Broderick Park is a park situated along the Niagara River in Buffalo, New York, United States.

Location and recreational opportunities

Broderick Park, following an elongated shape, is located on the southern tip of Unity Island between the Niagara River and the Black Rock Canal. The park overlooks the Canada–US border and is situated within view of the Peace Bridge, which links the State of New York with the Canadian Province of Ontario at Fort Erie.

Broderick Park offers recreational facilities for local residents and visitors. Under the Buffalo Micro Parks system within the City of Buffalo, contribution is made toward the maintenance and improvement of amenities.

Historical significance to Underground Railroad

Given the park's proximity to Canada, it is historically important in that it served as a transit area for African-Americans heading for the border on the opposite side of the Niagara River from the park. The park occupies an area that once housed docks for the Black Rock Ferry, which is known to have transported fugitive slaves to Canada as part of the Underground Railroad.

These activities were particularly precipitated by the passage of the Fugitive Slave Law of 1850, which to some measure brought about the 'nationalizing' of some of the consequences of the slavery practiced in the Southern states, and hence the increased flow of African-Americans travelers seeking liberty in Canada. Ironically it was Buffalo's own Millard Fillmore who, as President of the United States, signed this measure into law. (See also: Millard Fillmore - Policies.)

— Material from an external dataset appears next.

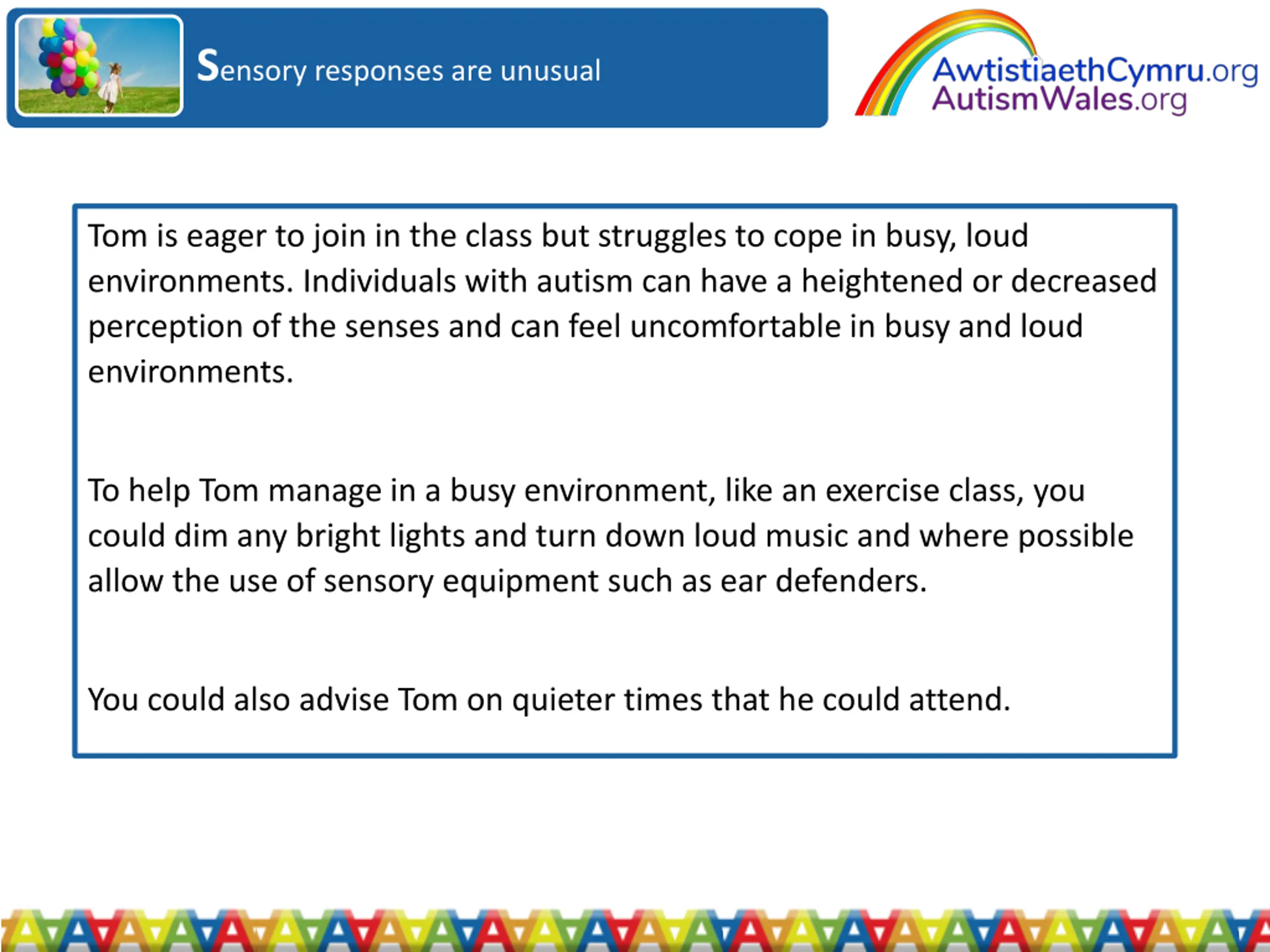 Sensory responses are unusual Tom is eager to join in the class but struggles to cope in busy, loud environments. Individuals with autism can have a heightened or decreased perception of the senses and can feel uncomfortable in busy and loud environments. To help Tom manage in a busy environment, like an exercise class, you could dim any bright lights and turn down loud music and where possible allow the use of sensory equipment such as ear defenders. You could also advise Tom on quieter times that he could attend.

After the American Civil War period and the Emancipation Proclamation, the Park ceased to have the same clandestine focus for traveling African-Americans.

Reenactments and commemorations

Reenactments and commemorations of Underground Railroad events have been regularly held at Broderick Park under the sponsorship of Buffalo Quarters Historical Society. In 2010, Broderick Park was recognized by the U.S. National Park Service as a National Underground Railroad Network to Freedom site.

Recent developments

Broderick Park — visibly close to the Peace Bridge — has sometimes been used as a backdrop to public meetings on subjects of law and administrative reform as they may relate to cross-border issues.

In 2008, funding shortfalls led to an unsuccessful proposal calling for Broderick Park to be transferred from the City of Buffalo to the State of New York, to become part of a future state park.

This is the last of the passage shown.